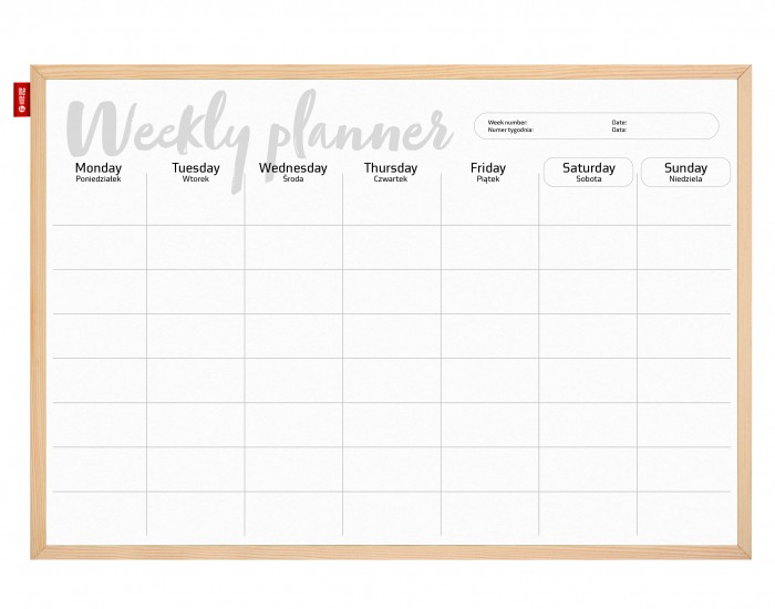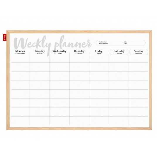 - powierzchnia suchościeralna magnetyczna z nadrukowanym terminarzem do planowania zadań tygodniowych
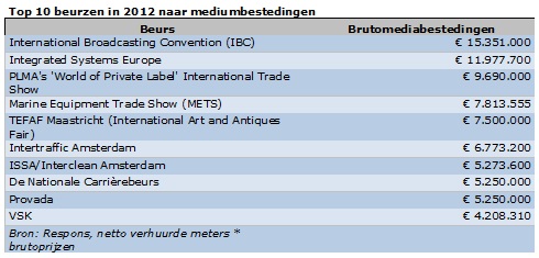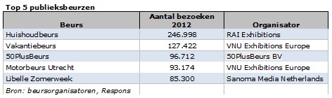 De grootste vak- en publieksbeurzen in 2012 naar aantal bezoeken zagen er als volgt uit:
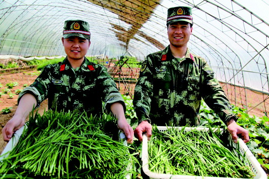 为进一步提高官兵生活水平,增强后勤保障能力,石岛边检站因地制宜开展农副业生产,建设了占地面积约10亩的蔬菜生产基地,并建成1000平方米的蔬菜大棚,种植了芹菜、土豆、茴香、黄瓜、西红柿等各类蔬菜,丰富了官兵“菜篮子”,实现了蔬菜供应自给自足。
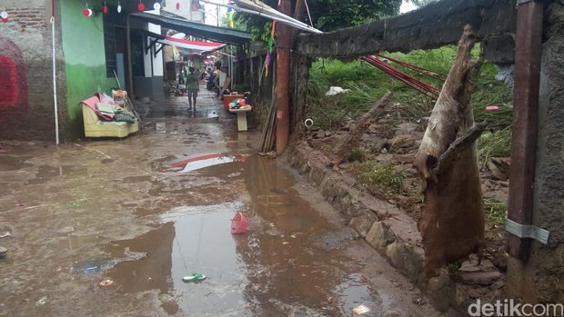 Tembok rumah warga jebol (Foto: Ahmad Ziaul Fitrahudin/detikcom) |
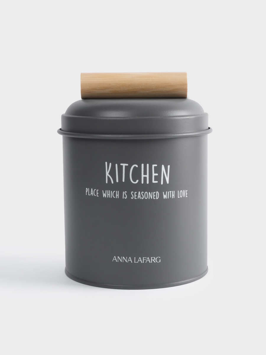 Банка для сыпучих продуктов, 1 л, металл/дерево, графитовая, Local 63441_3703439
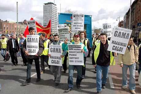 The Gama workers heroic stand is an inspiration. Faced with all the insecurity of their position and the intimidation of their employers and living in a foreign land they have stood up and fought. As far as I can see, I do not live in Ireland, this struggle has the potential to open up a whole discussion on the Celtic Tiger and its use of cheap labor. I am not not sure if it is correct to say this. But it seems to me that the Cetlic Tiger will never be the same again.
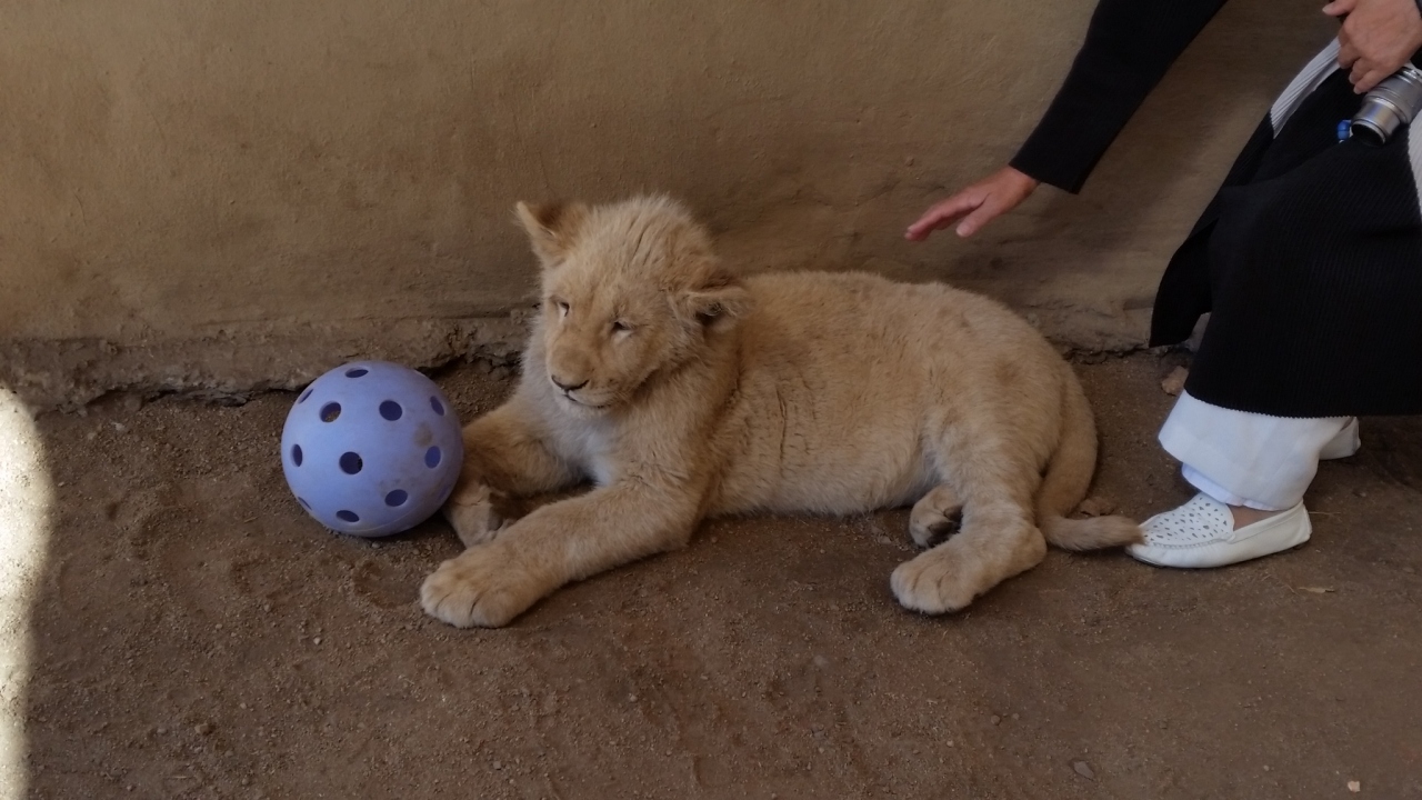 子ライオンとふれあえます
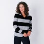 Versatile and irresistible, you'll finish every autumn look in undeniable style with this v-neck striped sweater from Bellina.

=== Prompt ===
Return exactly the lines that appear in the data above between the line containing "为进一步提高官兵生活水平,增" and the line containing "Банка для сыпучих", both of which are included, and leave the pictures out.

=== Finished task ===
 为进一步提高官兵生活水平,增强后勤保障能力,石岛边检站因地制宜开展农副业生产,建设了占地面积约10亩的蔬菜生产基地,并建成1000平方米的蔬菜大棚,种植了芹菜、土豆、茴香、黄瓜、西红柿等各类蔬菜,丰富了官兵“菜篮子”,实现了蔬菜供应自给自足。
 Tembok rumah warga jebol (Foto: Ahmad Ziaul Fitrahudin/detikcom) |
 Банка для сыпучих продуктов, 1 л, металл/дерево, графитовая, Local 63441_3703439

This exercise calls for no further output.